*TASK ITEM*
Your task is to retype, word for word, the lines from the start of the data through the line holding "实拍实紫色纯棉短袖t恤女夏季修身显瘦圆领高级感正肩体恤上衣". Do not include the pictures.

*DATASET EXTRACT*

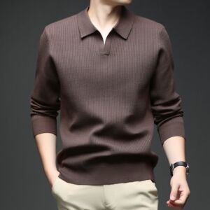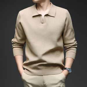跨境外贸高级感男士毛衣翻领长袖秋季休闲百搭爸爸针织衫男批发
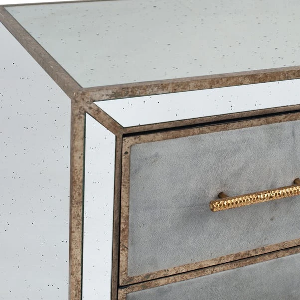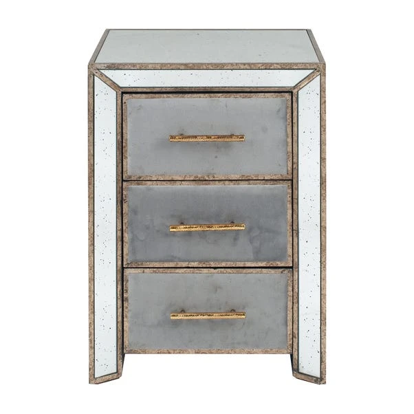 Keep this bedside table next to your bed so you can have all your night time essentials close by. The three extra drawers provide you with that bit of extra storage for your smaller clothing items. The mottled mirrored glass paired with the velvet drawers and antique gold detailing give this bedside table a pinterest ready look.
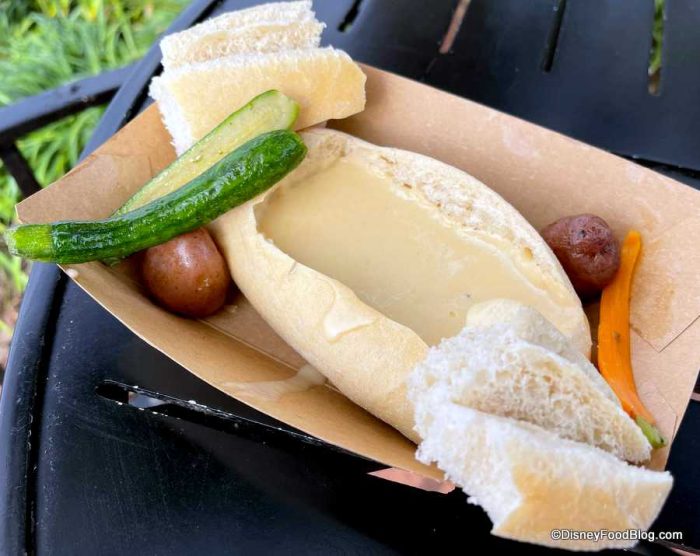 - Cheese Fondue in a Bread Bowl with Steamed Baby Vegetables and Marble Potatoes – $8.25, DDP Snack Eligible
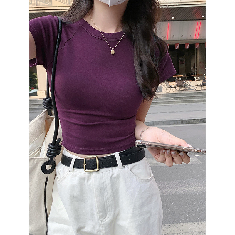 实拍实紫色纯棉短袖t恤女夏季修身显瘦圆领高级感正肩体恤上衣
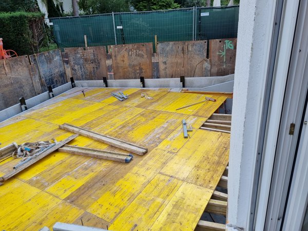 Damit Minibagger ins Gästezimmer per Kran gehoben werden konnte, wurden die Ständer umgebaut. Dann kam der Minibagger. Kanalrohre unendlichen Ausmaßes ausgebaut. Trotz Minibagger hat das Schaufeln ganz schön Zeit gekostet. Immer mit dem Schubkarrn in die Container gefahren, die dann mit dem Kran in die Rampe gehoben und geleert wurden.
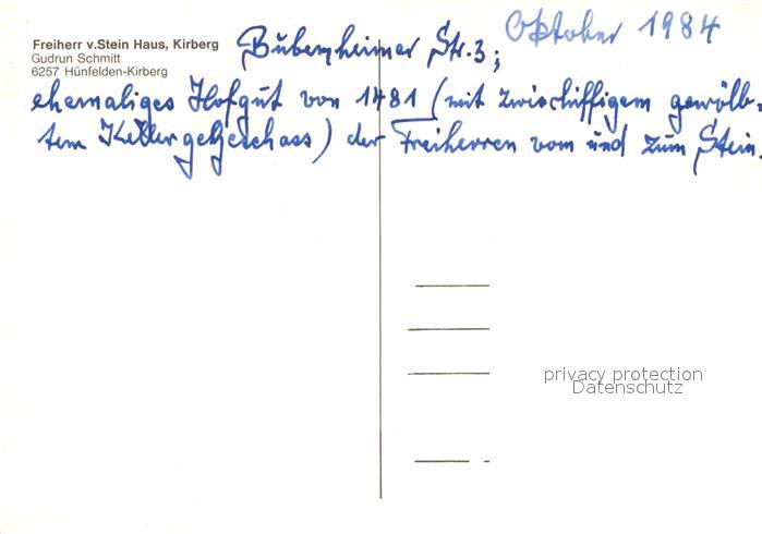 72740850 Kirberg Freiherr von Stein Haus postalisch nicht gelaufen Erhaltung siehe scans [LiesaD40] KatCode: 11110006533008
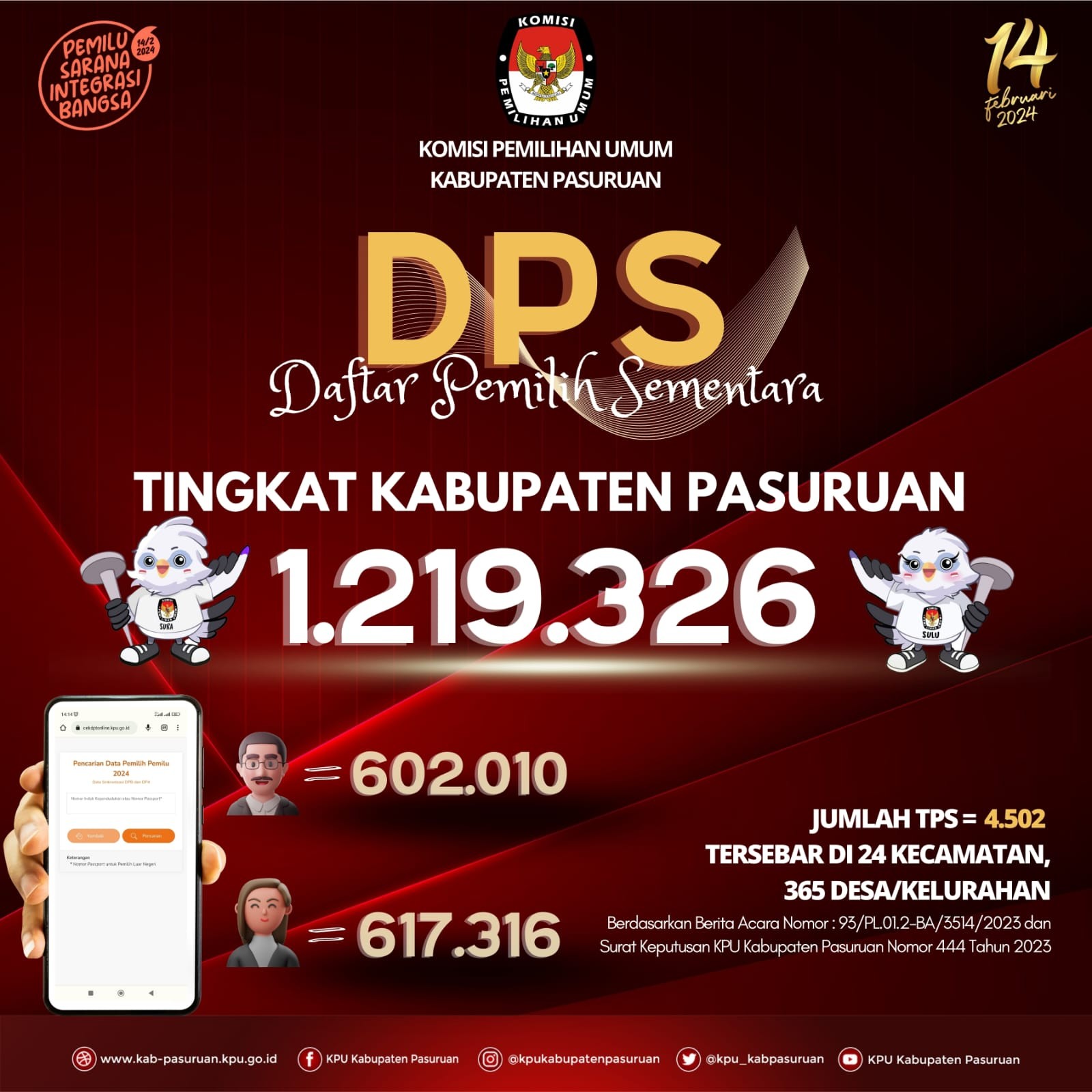 Hai #temanpemilih berikut adalah Jumlah Daftar Pemilih Sementara Tingkat Kabupaten Pasuruan
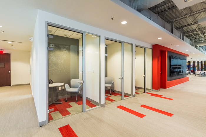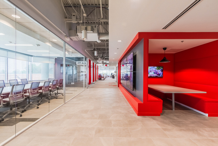 办公室周围还散布着协作“中心”,如内置展位和生雪松扔下的桌子,以增加员工之间的协作元素。大咖啡馆战略性地放置在接待处附近,为来访的聚会营造温馨的氛围。咖啡厅还充当所有员工的“枢纽”或聚会点,促进互动机会。
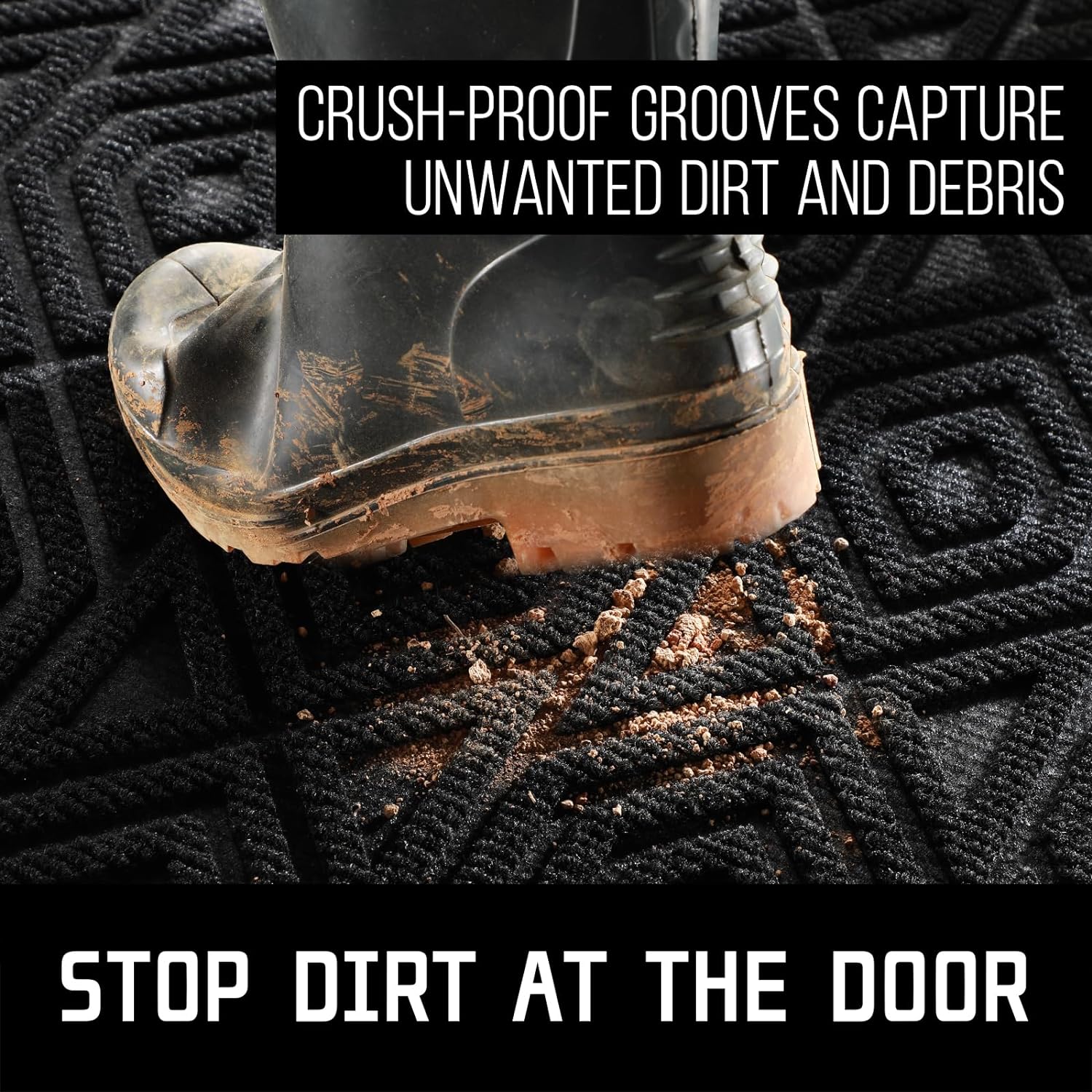 - [CAPTURE DIRT AND MOISTURE] Yimobra front door entryway mat outdoor with unique pattern design, forming a detention dam extending in all directions, helping to capture dirt, dust, gravel, mud, sand, grass or other messy debris and prevent them from entering Indoor; The surface of floor mat beautifully woven polyester fabric absorbs moisture, and the sturdy oblique rubber edge will not accumulate water in rainy and snowy days, keeping your home dry and clean

*TASK SOLUTION*
跨境外贸高级感男士毛衣翻领长袖秋季休闲百搭爸爸针织衫男批发
 Keep this bedside table next to your bed so you can have all your night time essentials close by. The three extra drawers provide you with that bit of extra storage for your smaller clothing items. The mottled mirrored glass paired with the velvet drawers and antique gold detailing give this bedside table a pinterest ready look.
 - Cheese Fondue in a Bread Bowl with Steamed Baby Vegetables and Marble Potatoes – $8.25, DDP Snack Eligible
 实拍实紫色纯棉短袖t恤女夏季修身显瘦圆领高级感正肩体恤上衣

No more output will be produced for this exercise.